Queensland Reds coach Ewen McKenzie said Quade Cooper could make the difference for Australia against the British and Irish Lions as the out-of-favour flyhalf vies for Test selection.
McKenzie said the unpredictable Cooper, who was left out of coach Robbie Deans’ initial 25-man squad to face the formidable tourists, was the type of player who was capable of unlocking the Lions defence.
“You are not going to beat them playing an orthodox game. And someone like Quade, you can’t get a better player to do that,” McKenzie told reporters on Monday.
Cooper’s mercurial qualities were on full display on Saturday when he went head-to-head with the Melbourne Rebels’ James O’Connor, Deans’s first-choice flyhalf, in the Super 15.
Cooper gifted two tries with charged-down kicks, but he recovered by landing pressure penalty and conversion attempts and then scored the match-winning try with a one-handed put-down on the line.
Deans will be in the crowd when the Lions, who mauled the Barbarians 59-8 in their tour opener in Hong Kong on Saturday, take on Cooper’s Reds in Brisbane this weekend.

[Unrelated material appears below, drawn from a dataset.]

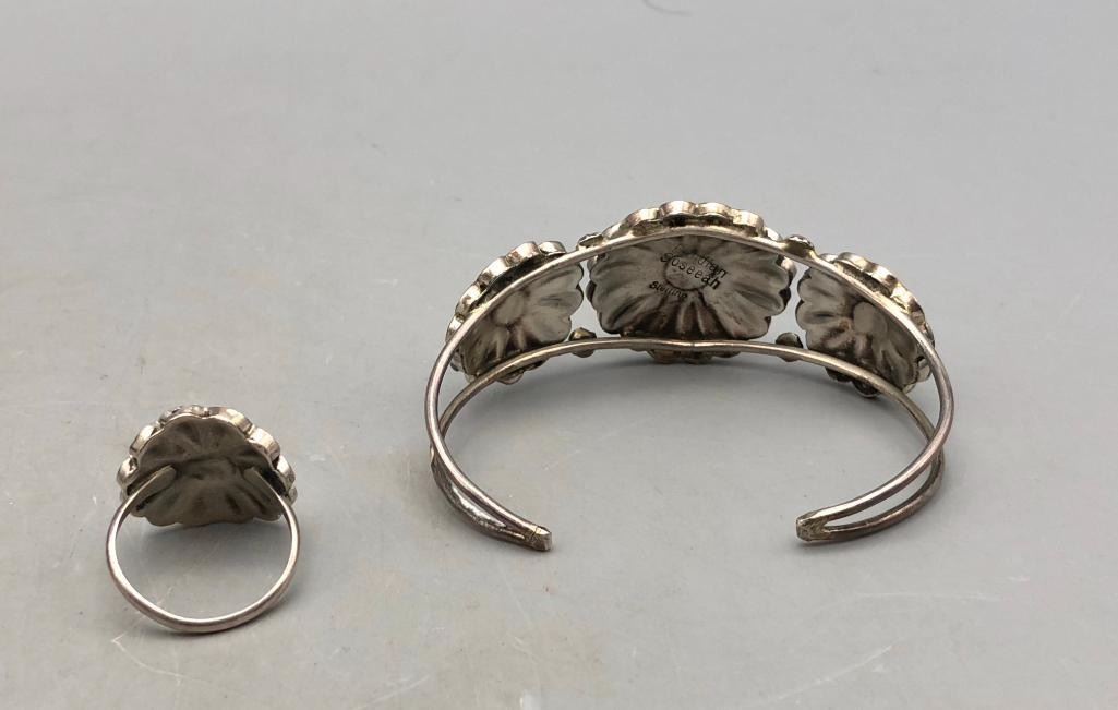For your consideration we have for sale in this lot a Zuni sunface inlay three piece set. The set has a great sunface designs with turquoise, coral, mother of pearl and black onyx inlay. It comes with bracelet, necklace, and ring. Stamped as sterling. Maker: Hallmarked Burdian Soseeah (Zuni). Active since 1960s. Approx. Age: 1970s. Size: Necklace fits a 13 inch neck. Bracelet measures 5-5/8 inches long, opening is an additional 1-1/8 inch, fitting a 6-3/4 inch wrist. Width is 1-1/8. Ring is a size 8.5. Weighs 45.7 grams. Condition: Good for its age, normal wear expected. Please look closely at the pictures - they are an important part of our description. Shipping: There will be a $5 handling / packaging fee for shipping this lot. The actual cost of postage will be added on top of that. BUY IT NOW: If you would like to buy this item now without waiting for the auction to end (this option is only available up to 48 hours before the auction starts to close), the “Buy it Now” price is the high estimate of this lot. If you would like to end the auction early and pay the high estimate (plus applicable fees), please contact us by phone or email and reference this lot number.

McKenzie said he had told Cooper to throw caution to the wind in a bid to upset the visitors. However, he added that there was not much more Cooper could do to earn selection.
“I don’t think anyone gets picked on one game,” McKenzie said. “Quade has played every minute of every (Reds) game so I don’t think he can actually do much more.”
Lions defence coach Andy Farrell last week admitted he was puzzled at Cooper’s omission, wondering if Australia were playing motivational “mind games” with the star who was punished for criticising Deans last year.
“Who knows what’s going on?” Farrell said in Hong Kong. “We don’t know whether it’s mind games that they’re playing with Cooper, but he seems to be playing pretty well to me.”